WW: Eventually it will be publicly accessible. The idealistic part of me says this knowledge should be published as soon as possible, because a lot of this has been aggregated and reformatted from other collections of knowledge, and publication would be a way of acknowledging my indebtedness to the long lineage of scholars that came before me. But if I want to publish DILMS, then I want people to be able to actually engage with it through SQL, because I think of DILMS as a series of arguments about how one should engage with data broadly speaking, and also how one should engage with the fifteenth-century song repertoire in particular. 

AC: Let’s talk more about interacting and engaging with data. You have this very specific focus on fifteenth-century song, but you also seem to have this much larger ambition too. What are you hoping people will be able to take away from your project?

WW: I have a degree in math and a background in tech, and I just completed a data science training fellowship, so I’ve been thinking about “data” quite seriously for most of my adult life. I’ve consistently observed that the easiest thing to ignore about data—also the most important not to ignore, and the hardest to sustain focus on—is what the data really are and where they come from. There are lots of ways to frame this problem depending on the field you’re coming from.
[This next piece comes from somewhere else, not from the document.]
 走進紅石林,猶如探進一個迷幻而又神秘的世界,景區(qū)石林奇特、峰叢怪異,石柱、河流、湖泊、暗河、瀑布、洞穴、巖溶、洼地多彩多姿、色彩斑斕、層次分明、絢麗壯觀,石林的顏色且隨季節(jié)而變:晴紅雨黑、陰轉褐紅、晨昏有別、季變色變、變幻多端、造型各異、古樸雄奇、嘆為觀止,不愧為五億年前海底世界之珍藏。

One popular way is to observe that, etymologically speaking “data” are “things that have been given,” but there’s a pretty long-running consensus that a better word would be “capta,” or “things that have been taken.” And this distinction speaks to our temptation to dive in and let the numbers “speak for themselves.”
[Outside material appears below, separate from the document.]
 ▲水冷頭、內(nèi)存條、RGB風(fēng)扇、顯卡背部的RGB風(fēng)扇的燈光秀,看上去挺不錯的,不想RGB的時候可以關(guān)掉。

Sometimes I can get frustrated with a tendency within the humanities to use “reading” as a metonym for all meaning-making. You read a text, you read a work of art, you can even read an event. Yet, as a musicologist I’m deeply invested in listening as a form of meaning-making, and as a computationally-minded person I’m pretty committed to the idea that counting is just as powerful. In order to count things, you need to know why this is one thing, and why that is another thing, and what kinds of general similarity they share that justifies aggregating them together. That is a not trivial form of meaning-making, it’s a “theoretically involved” activity.
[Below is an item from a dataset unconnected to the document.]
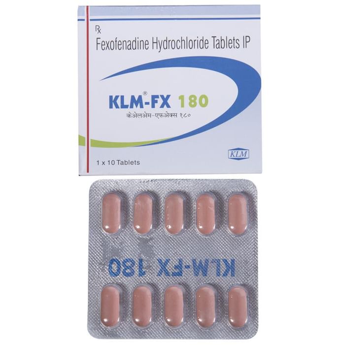 KLM-FX 180 Tablet is an anti-allergy medicine used in the treatment of allergic symptoms such as runny nose, congestion or stuffiness, sneezing, itching, swelling, and watery eyes. It also helps treat skin allergies with itching, redness, or swelling. KLM-FX 180 Tablet may be taken with or without food, in the dose and duration as advised by the doctor. The dose you are given will depend on your condition and how you respond to the medicine. You should keep taking this medicine for as long as your doctor recommends. Do not stop taking it without consulting your doctor. The most common side effects are headache, drowsiness, dizziness, and nausea. Most of these are temporary and usually resolve with time. Please consult your doctor if any of these side effects do not resolve or persist for a longer duration. Do not self-medicate or recommend your medicine to another person even if you see the similarity in symptoms. Consult your doctor to get the most benefit. Inform your doctor if you are suffering from any problems related to the kidneys, liver, or heart. Pregnant and breastfeeding mothers should not take this medicine without consulting a doctor.

This is all to say that, while I want people to get excited about particular datasets, I really want people to figure out for themselves what it means to count things. And I think DILMS is well positioned to help people do that, partially because (let’s be frank) fifteenth-century vernacular polyphony is not an area of study with super-high stakes. There are no time limitations or external pressures that come along with DILMS, especially when compared to biomedical data or politically sensitive data. The “unimportance” of the humanities gives us the luxury of thinking about these things, but it comes with an obligation to model how they can be done well, so that people in other fields can gain a new set of perspectives on how to do those things in their own work. After all, isn’t that sort of the job of the humanities, to model reflexive meaning-making so that people who aren’t humanists can also take these methods on and change how they interact with the world? I like to think that it is.